### INSTRUCTIONS TO FOLLOW
Every record should be written out exactly, with the pictures left out.

Segment Start: DATA IN THIS EXERCISE

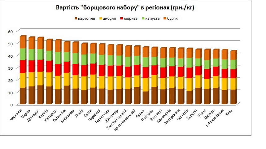 Різниця в цінах на овочі «борщового набору» між регіонами України сягає 20-30%.
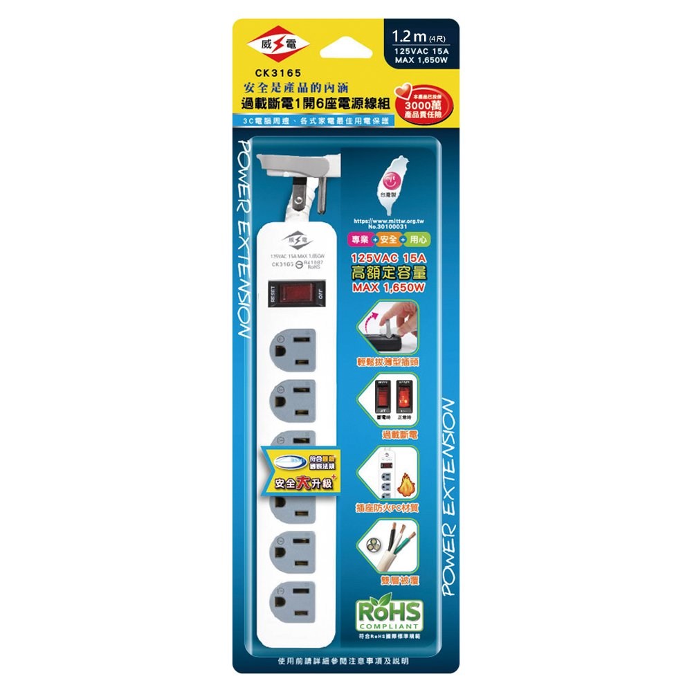 【威電】CK-3165 3孔1開6座 電腦線 延長線 4尺/6尺/9尺(拉環插頭 好拔 過載斷電 電源線組)
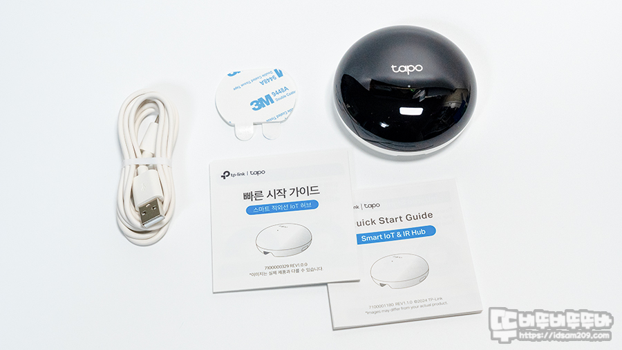 제품은 Tapo H110 허브 본체와 USB-C to A 전원 케이블, 3M 양면테이프, 퀵 스타트 가이드로 구성되어 있습니다.
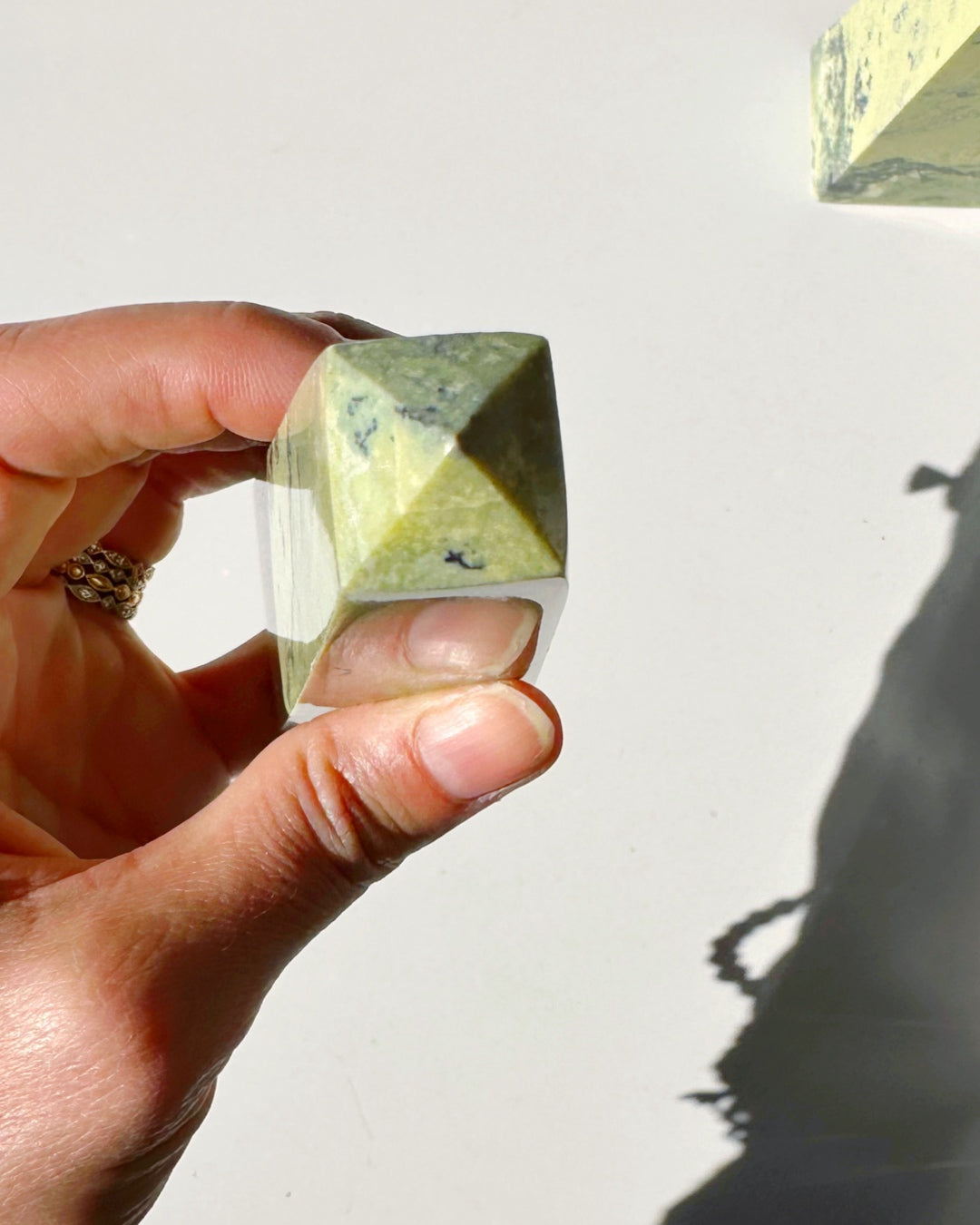 Serpentine, an earthing stone, enables the flow of the Kundalini energy, opening new avenues for spiritual exploration and enhancing meditation. Additionally, it provides a grounding effect.
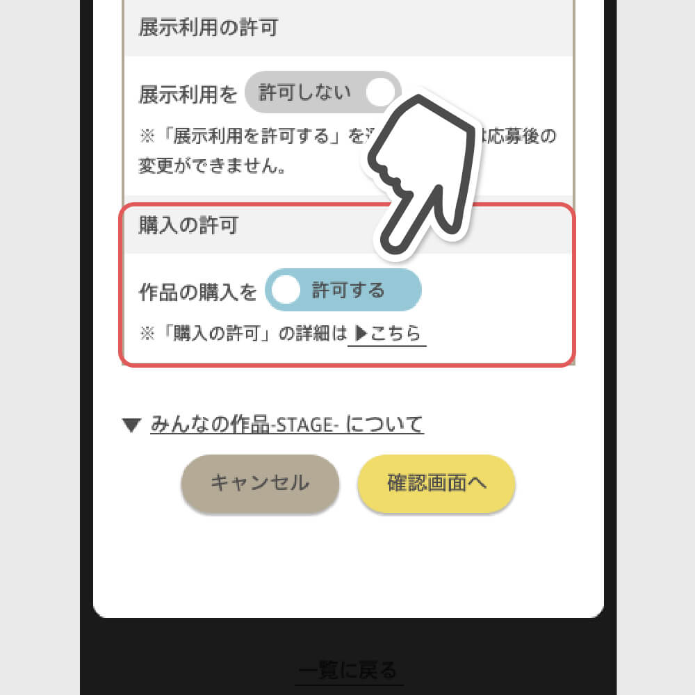 ①あなたの作品の作品詳細ページから「作品公開設定」よりみんなの作品 -STAGE-作品応募フォーム「購入を許可する」にチェックを入れると「購入可能申請」状態になります。
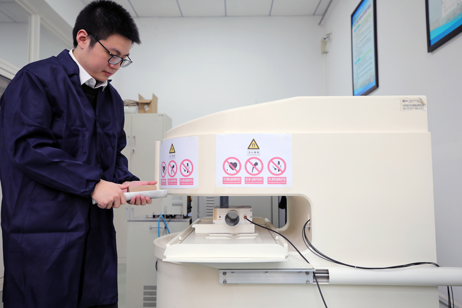 ▲3月8日上午,太阳成集团tyc122ccvip建筑与土木工程公司的肖康勇在做岩土核磁共振测试分析实验室做低温砂岩未冻结水含量测试实验。

Segment End: DATA IN THIS EXERCISE

### RESULT
 Різниця в цінах на овочі «борщового набору» між регіонами України сягає 20-30%.
 【威電】CK-3165 3孔1開6座 電腦線 延長線 4尺/6尺/9尺(拉環插頭 好拔 過載斷電 電源線組)
 제품은 Tapo H110 허브 본체와 USB-C to A 전원 케이블, 3M 양면테이프, 퀵 스타트 가이드로 구성되어 있습니다.
 Serpentine, an earthing stone, enables the flow of the Kundalini energy, opening new avenues for spiritual exploration and enhancing meditation. Additionally, it provides a grounding effect.
 ①あなたの作品の作品詳細ページから「作品公開設定」よりみんなの作品 -STAGE-作品応募フォーム「購入を許可する」にチェックを入れると「購入可能申請」状態になります。
 ▲3月8日上午,太阳成集团tyc122ccvip建筑与土木工程公司的肖康勇在做岩土核磁共振测试分析实验室做低温砂岩未冻结水含量测试实验。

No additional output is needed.